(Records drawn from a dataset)
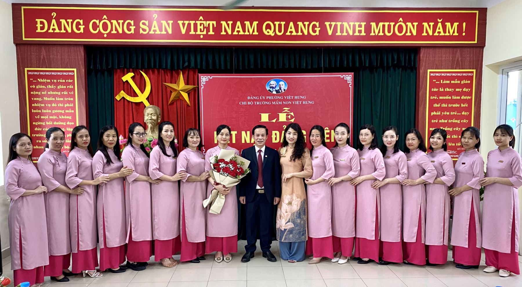 Đến tham dự buổi Lễ, chỉ đạo và động viên, tập thể Chi bộ nhà trường vinh dự được đón tiếp Đ/c Đinh Quang Luận - QUV - Bí thư Đảng ủy phường Việt Hưng. Về phía nhà trường có Đ/c Đặng Thị Thanh Xuân - Bí thư chi bộ - Hiệu trưởng nhà trường; Đ/c Nguyễn Thị Huyền Hạnh - Bí thư chi đoàn nhà trường, các đ/c trong Cấp uỷ cùng toàn thể các đ/c Đảng viên trong chi bộ có mặt đông đủ.
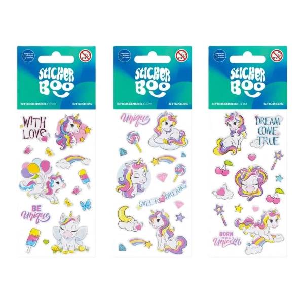 Naklejki marki STICKER BOO z motywem Jednorożca na pewno wpadną w oko Twojemu dziecku. Są idealne do personalizowania rysunków, wszelkiego rodzaju prac kreatywnych oraz do zbierania. Możliwe do zakupu w trzech różnych wersjach graficznych.
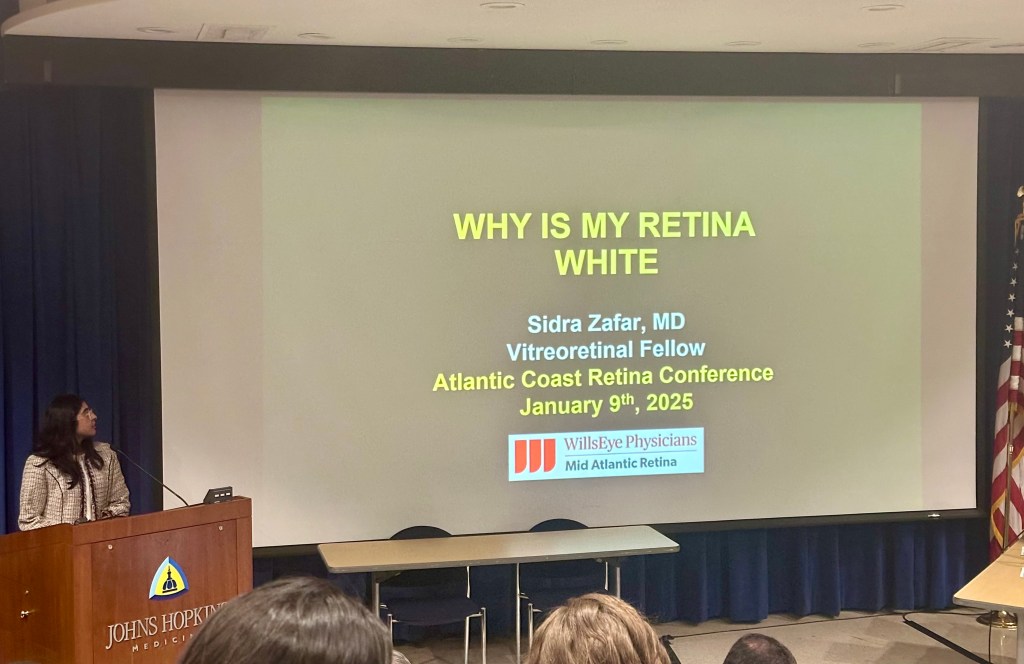 Dr. Sidra Zafar, a vitreoretinal fellow from Wills Eye Hospital, presented an atypical case of bilateral primary vitreoretinal lymphoma initially misdiagnosed as viral retinitis. The patient had negative vitreous biopsies in both eyes and was MYD88-negative. The diagnosis was ultimately confirmed through a retinal biopsy, which revealed pathology consistent with diffuse large B-cell lymphoma. The patient was treated with intravitreal methotrexate, leading to improvement. Dr. Zafar also shared the surgical video of the biopsy.
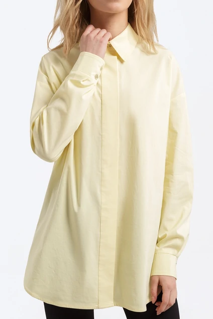 Хлопковая рубашка свободного покроя. Детали: прямой силуэт, спущенная линия плеча, рубашечный воротник, потайная застежка на петли и пуговицы, кокетка переда и спинки, рукава длинные с манжетами
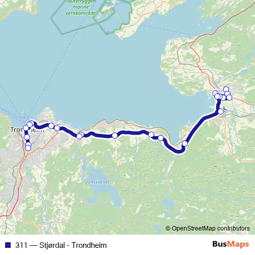 Click here to view the nearest 311 - Stjørdal - Trondheim bus stop.
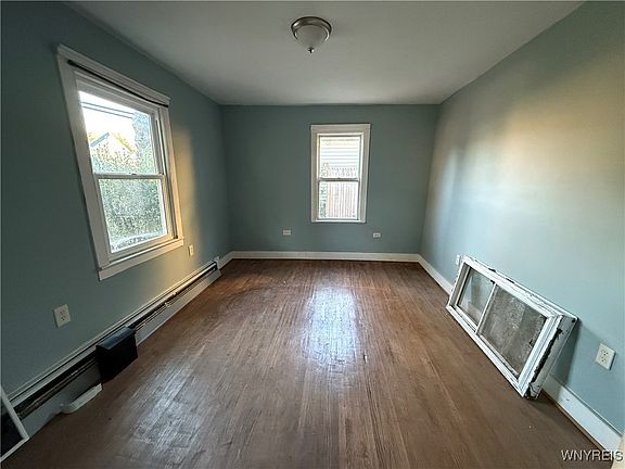 Opportunity knocks in Lockport! This 2-bedroom, 1-bath single-family home offers over 1,300 sq ft of finished space and sits on a quiet street just off Transit Rd—close to shopping, dining, public transportation, and the Erie Canal. The property backs up to a large open park field, offering extra privacy and green space with no rear neighbors. Much of the renovation is already complete, including an updated kitchen with new cabinets and laminate counters, a remodeled bathroom with new tile tub/shower, flooring, toilet, and vanity, newer windows, some fresh paint, and newer roof (age unconfirmed but in great condition). The cozy, low-maintenance backyard is perfect for relaxing or entertaining. Ideal for investors looking for a nearly finished flip or rental, or for a buyer seeking sweat equity and affordability. Sold as-is. Easy to show, vacant, and reviewing offers as received!
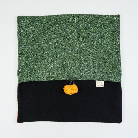 布の工房のメンバーによる刺繍ピースを使用し、布の工房でクッションカバーに仕立てました。
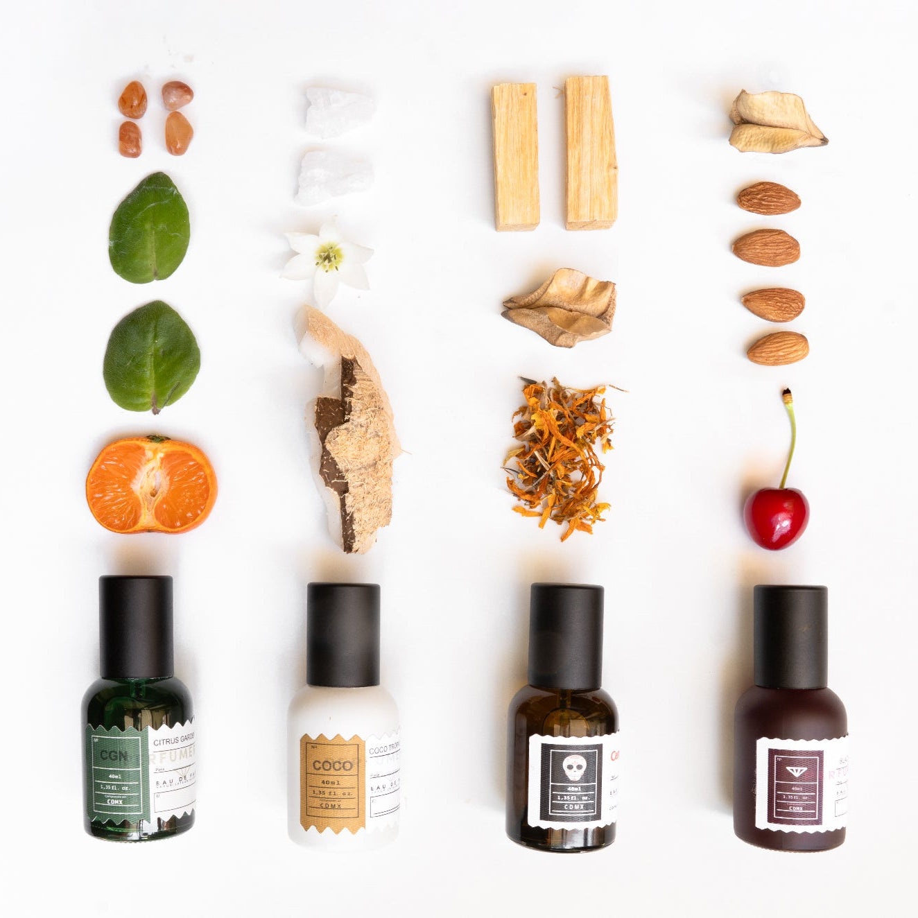 La colección incluye 4 perfumes unisex de 40 ml: CITRUS, COCO, COPAL y CHERRY. Creados para capturar la esencia única de su temporada, que se adaptan perfectamente a tu estilo de vida y a los cambios de la naturaleza.
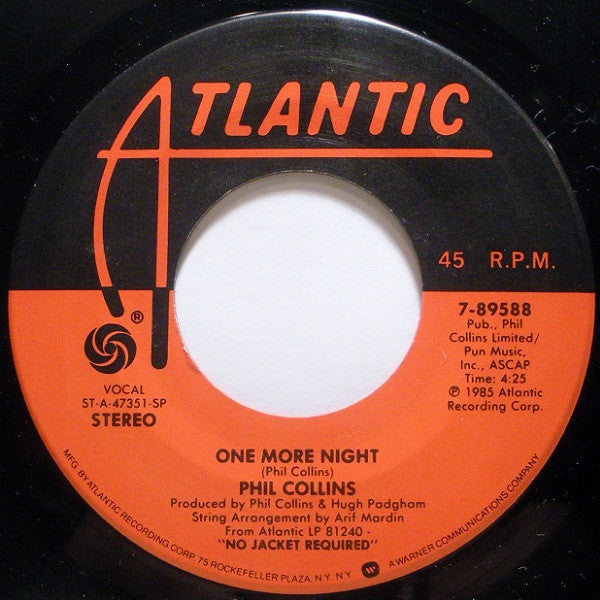 PHIL COLLINS - ONE MORE NIGHT (COVER) - EDICION ORIGINAL DE US DE 1985 - VINILO USADO EN EXCELENTES CONDICIONES (VG++)
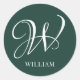 Initial Personalised Elegant Emerald Monogram Classic Round Sticker
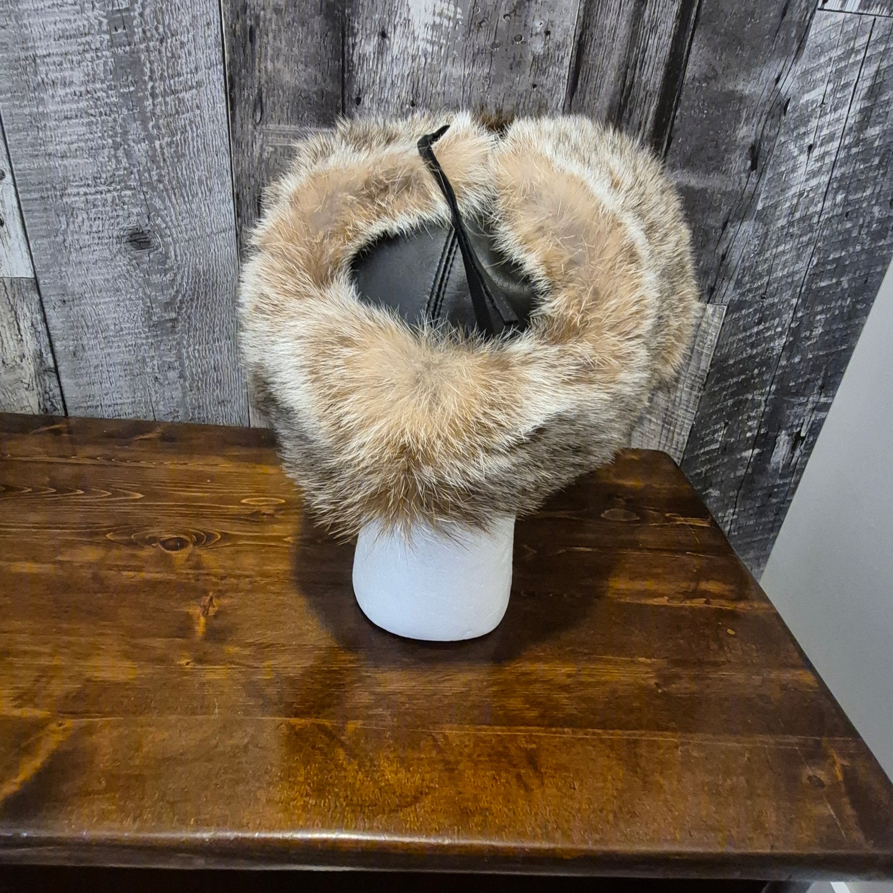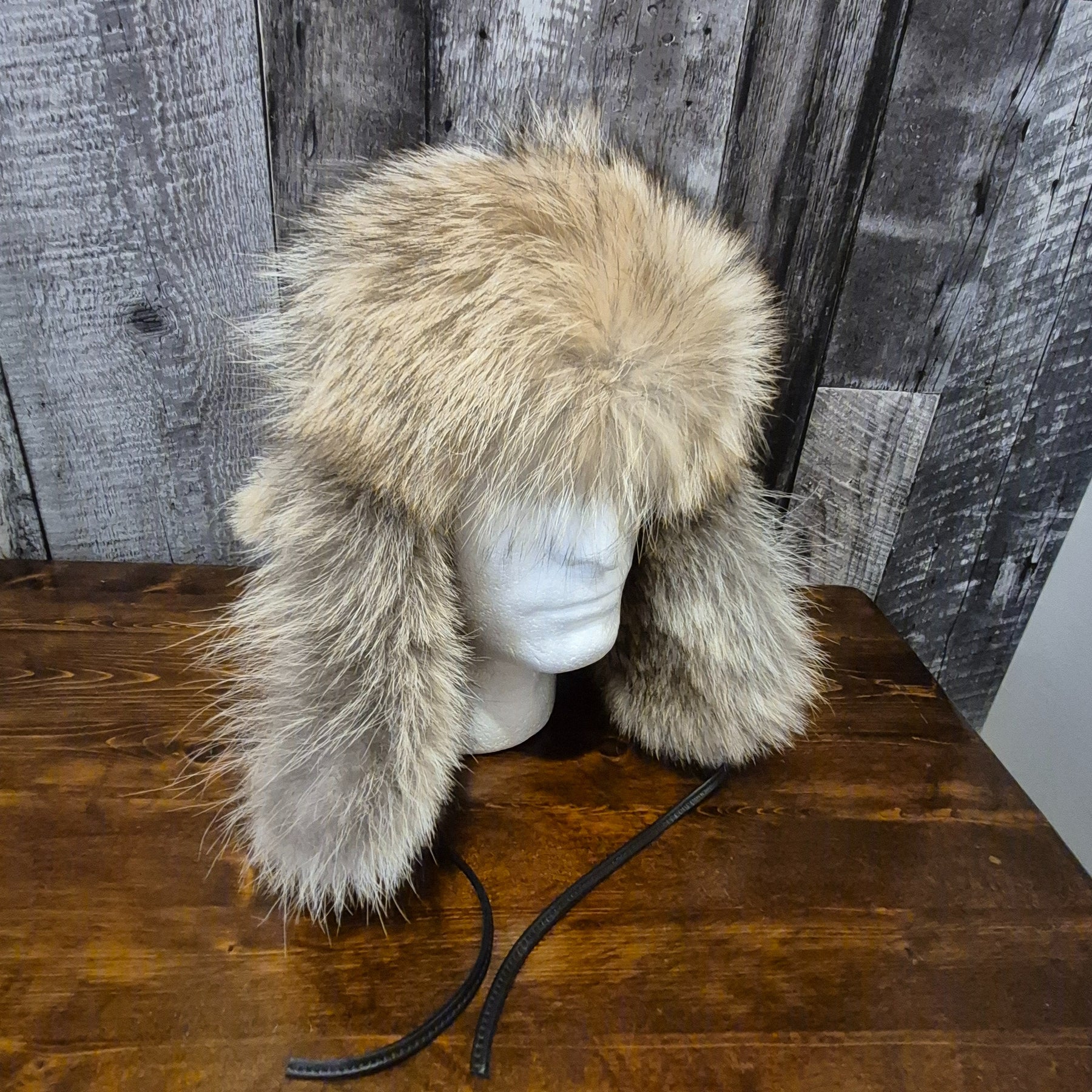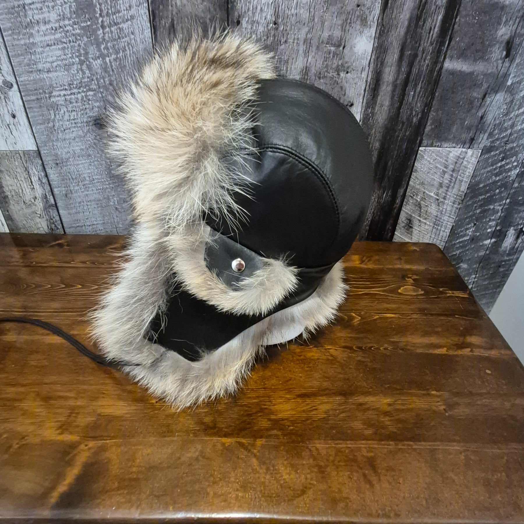 Fourrures Audet Natural East Canada Coyote Fur Aviator Hat with Antique Leather

* **Task statement**:
For this exercise, reproduce exactly the lines of the records above from the one with "Naklejki marki STICKER" up to and including the one with "Click here to", without pictures.

* **Response**:
 Naklejki marki STICKER BOO z motywem Jednorożca na pewno wpadną w oko Twojemu dziecku. Są idealne do personalizowania rysunków, wszelkiego rodzaju prac kreatywnych oraz do zbierania. Możliwe do zakupu w trzech różnych wersjach graficznych.
 Dr. Sidra Zafar, a vitreoretinal fellow from Wills Eye Hospital, presented an atypical case of bilateral primary vitreoretinal lymphoma initially misdiagnosed as viral retinitis. The patient had negative vitreous biopsies in both eyes and was MYD88-negative. The diagnosis was ultimately confirmed through a retinal biopsy, which revealed pathology consistent with diffuse large B-cell lymphoma. The patient was treated with intravitreal methotrexate, leading to improvement. Dr. Zafar also shared the surgical video of the biopsy.
 Хлопковая рубашка свободного покроя. Детали: прямой силуэт, спущенная линия плеча, рубашечный воротник, потайная застежка на петли и пуговицы, кокетка переда и спинки, рукава длинные с манжетами
 Click here to view the nearest 311 - Stjørdal - Trondheim bus stop.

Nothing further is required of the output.